Beware Backslashes. Some of the Postgres string-handling functions, especially encode, decode, and ::bytea, treat backslashes specially. We have isolated these into utility functions and tested them thoroughly. If you find a need for more utility functions, add them, but be careful to test lots of cases, including backslashes. In particular, note that there is an "alternative" string-escaping syntax E'..' documented at https://www.postgresql.org/docs/11/sql-syntax-lexical.html#SQL-SYNTAX-CONSTANTS.

Avoid Selecting Star. Using select * from, from a table which may someday grow additional columns, is likely to lead to unhappy surprises when data types change. Instead, list the columns explicitly.
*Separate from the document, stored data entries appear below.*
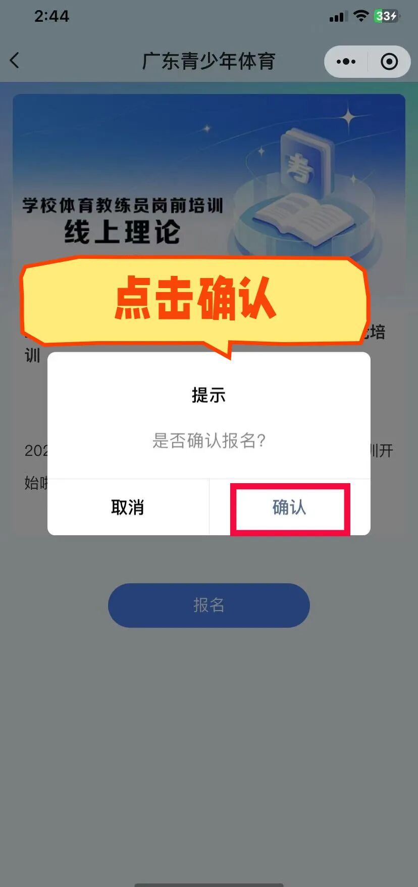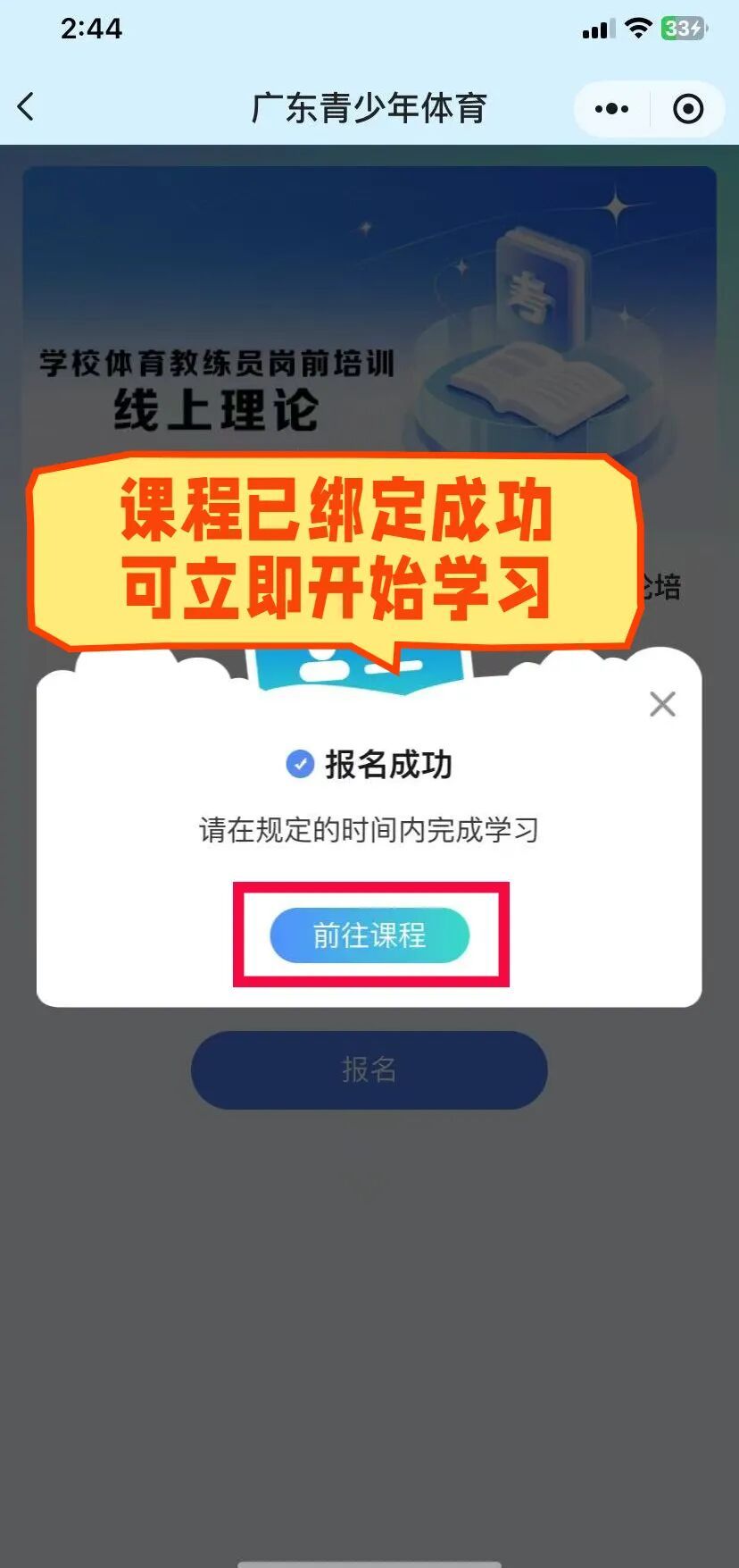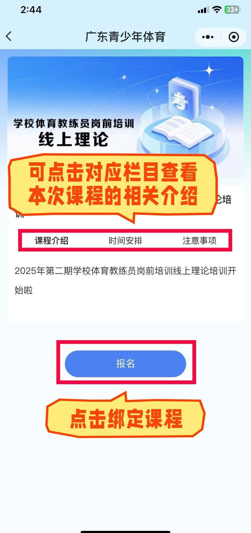 参训人员点击“广东青少年体育”公众号菜单栏“培训学习”—“岗前培训”进入培训平台首页,点击“培训考试”,直接在“热门课程”一栏找到对应课程进入相关界面。点击底部“报名”,即完成课程绑定。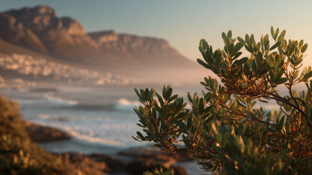 Fynbos bush, table mountain, and the twelve apostles with the atlantic ocean at sunset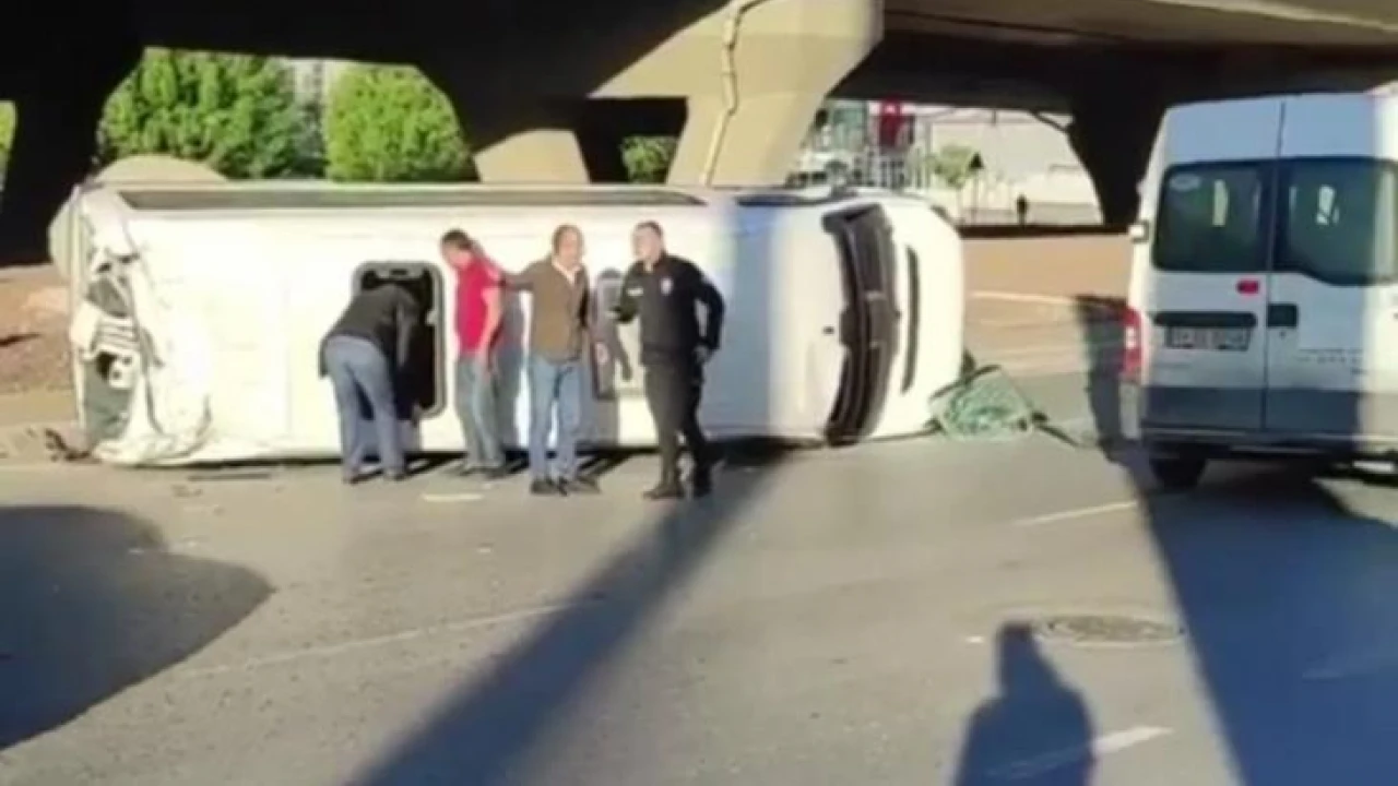 5 kişinin yaralandığı kazada, devrilen servis minibüsünün şoförü olay yerinden kaçtı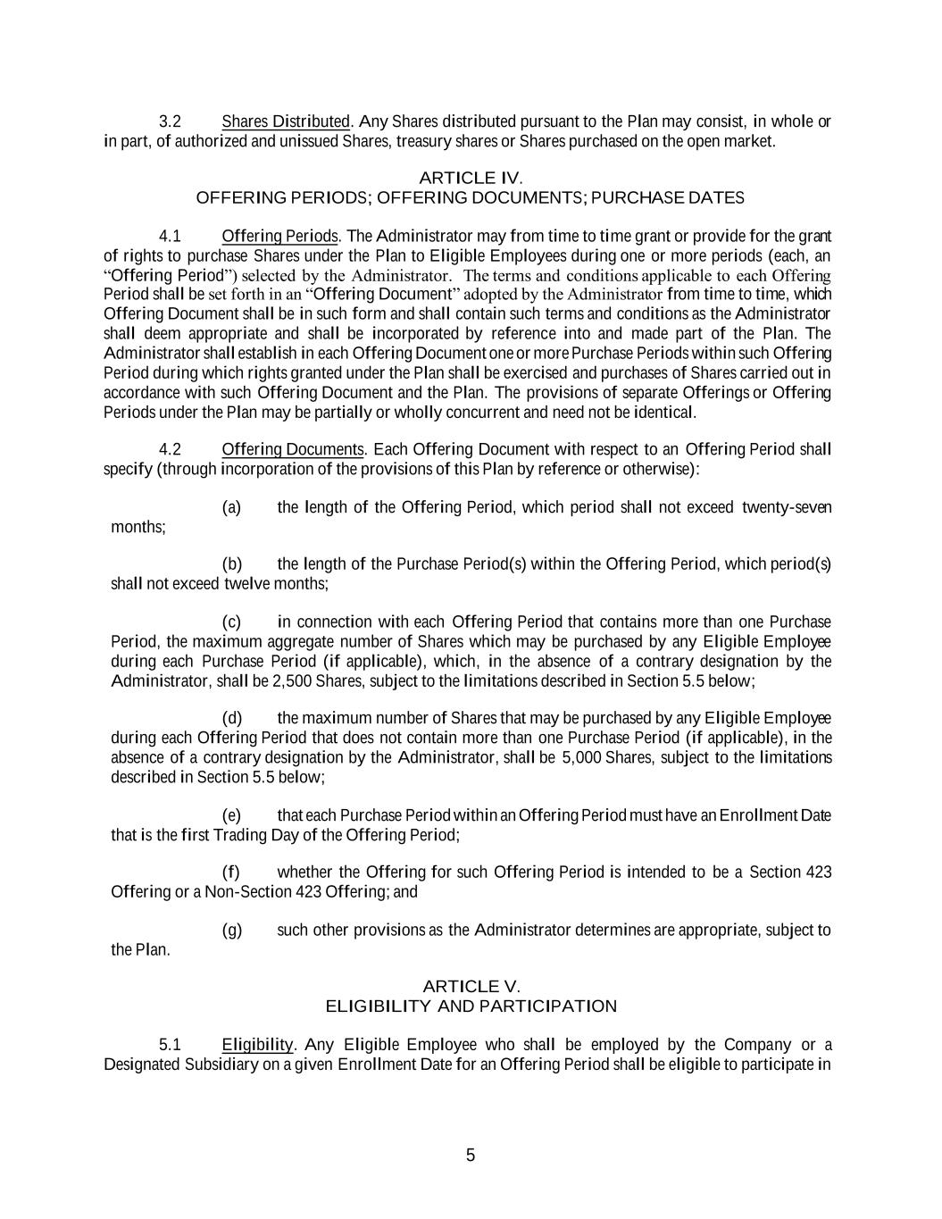5 3.2 Shares Distributed. Any Shares distributed pursuant to the Plan may consist, in whole or in part, of authorized and unissued Shares, treasury shares or Shares purchased on the open market. ARTICLE IV. OFFERING PERIODS; OFFERING DOCUMENTS; PURCHASE DATES 4.1 Offering Periods. The Administrator may from time to time grant or provide for the grant of rights to purchase Shares under the Plan to Eligible Employees during one or more periods (each, an “Offering Period”) selected by the Administrator. The terms and conditions applicable to each Offering Period shall be set forth in an “Offering Document” adopted by the Administrator from time to time, which Offering Document shall be in such form and shall contain such terms and conditions as the Administrator shall deem appropriate and shall be incorporated by reference into and made part of the Plan. The Administrator shall establish in each Offering Document one or more Purchase Periods within such Offering Period during which rights granted under the Plan shall be exercised and purchases of Shares carried out in accordance with such Offering Document and the Plan. The provisions of separate Offerings or Offering Periods under the Plan may be partially or wholly concurrent and need not be identical. 4.2 Offering Documents. Each Offering Document with respect to an Offering Period shall specify (through incorporation of the provisions of this Plan by reference or otherwise): (a) the length of the Offering Period, which period shall not exceed twenty-seven months; (b) the length of the Purchase Period(s) within the Offering Period, which period(s) shall not exceed twelve months; (c) in connection with each Offering Period that contains more than one Purchase Period, the maximum aggregate number of Shares which may be purchased by any Eligible Employee during each Purchase Period (if applicable), which, in the absence of a contrary designation by the Administrator, shall be 2,500 Shares, subject to the limitations described in Section 5.5 below; (d) the maximum number of Shares that may be purchased by any Eligible Employee during each Offering Period that does not contain more than one Purchase Period (if applicable), in the absence of a contrary designation by the Administrator, shall be 5,000 Shares, subject to the limitations described in Section 5.5 below; (e) that each Purchase Period within an Offering Period must have an Enrollment Date that is the first Trading Day of the Offering Period; (f) whether the Offering for such Offering Period is intended to be a Section 423 Offering or a Non-Section 423 Offering; and (g) such other provisions as the Administrator determines are appropriate, subject to the Plan. ARTICLE V. ELIGIBILITY AND PARTICIPATION 5.1 Eligibility. Any Eligible Employee who shall be employed by the Company or a Designated Subsidiary on a given Enrollment Date for an Offering Period shall be eligible to participate in
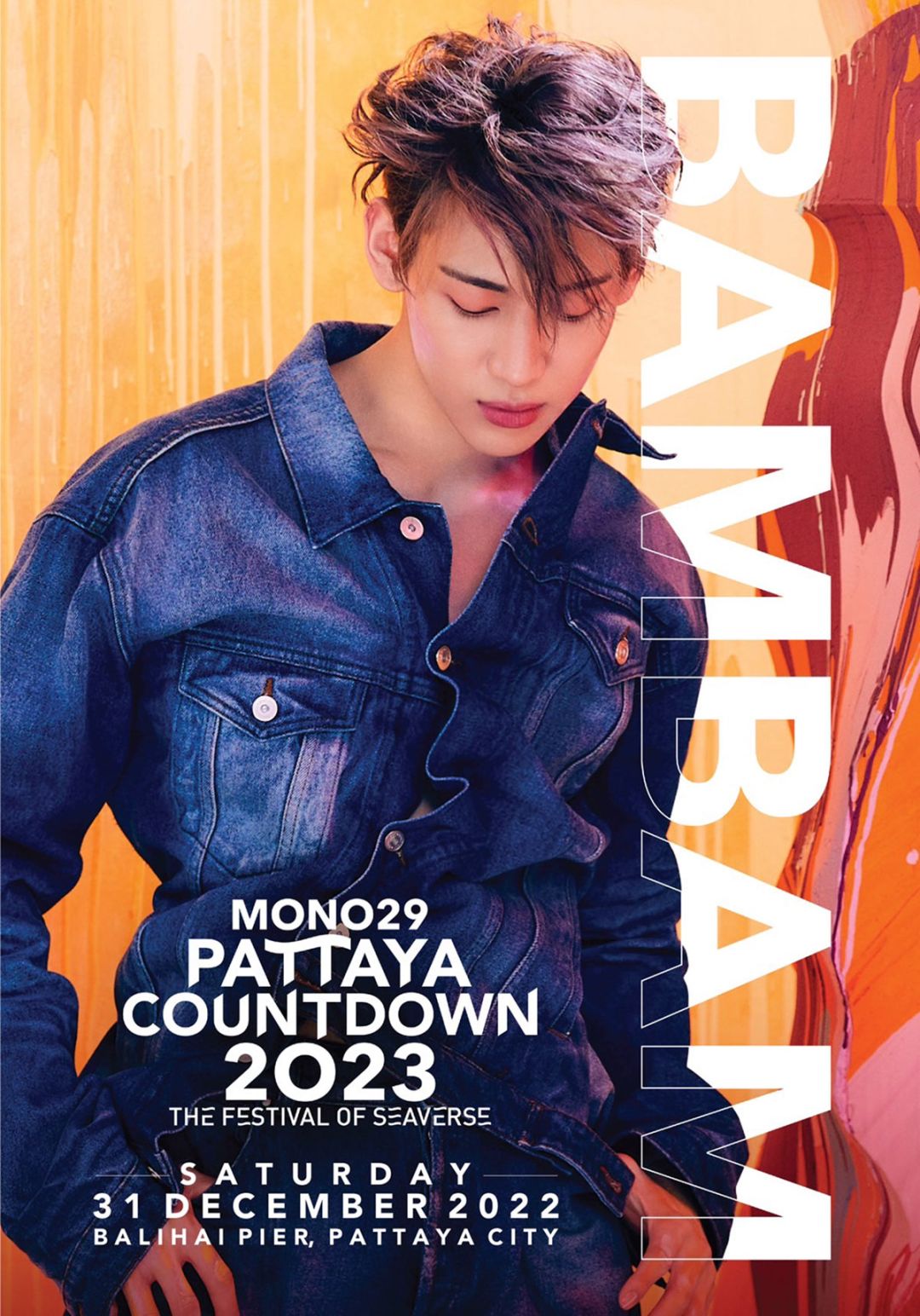 ซึ่ง แบมแบม เผยว่า “สวัสดีครับผมแบมแบมนะครับ วันนี้ผมมีข่าวดีมาบอกทุกคนวันที่ 31 ธันวาคมนี้ เราจะได้พบกันที่งาน “MONO 29 PATTAYA COUNTDOWN 2023” แหลมบาลีฮาย พัทยา ซึ่งปีนี้ผมมีพี่ที่ค่ายฯ “พี่ซอนมี” กับ “พี่ซานดาร่า ปาร์ค” มาร่วมคอนเสิร์ตด้วย ส่วนข่าวดีข่าวที่สองคือ ผมได้ออกแบบทีเชิร์ตสุดเอ็กซ์คลูซีฟเพื่อทุกคน ซึ่งเป็นเสื้อที่สามารถใส่ได้ทุกที่ ทุกเวลา และทุกสถานการณ์ ผมตั้งใจดีไซน์เสื้อตัวนี้มาก หวังว่าทุกคนจะชอบ อยากให้สนับสนุนเสื้อยืดของผมด้วยนะครับ ยังไงเดี๋ยวเราเจอกันในเร็วๆ นี้นะครับ”

Use Timestamptz. The default timestamp column type does not have a timezone, so it could mean anything! Use timestamptz instead. This is enforced in CI.

Transactions Aren't Magic. Bookmark this mind-blowing page, noting that read committed is the default and what we use for all transactions. That means that even inside a transaction, two read operations may return different data. Where necessary, use locking primitives such as select .. for update or lock table to prevent concurrent updates that might cause corruption. For example, the Auth service's roles may need special attention in this regard.

Prefer JSONB over JSON. Use JSONB data types, and where possible use jsonb_ utility functions. The docs provide a good description of the difference between the types.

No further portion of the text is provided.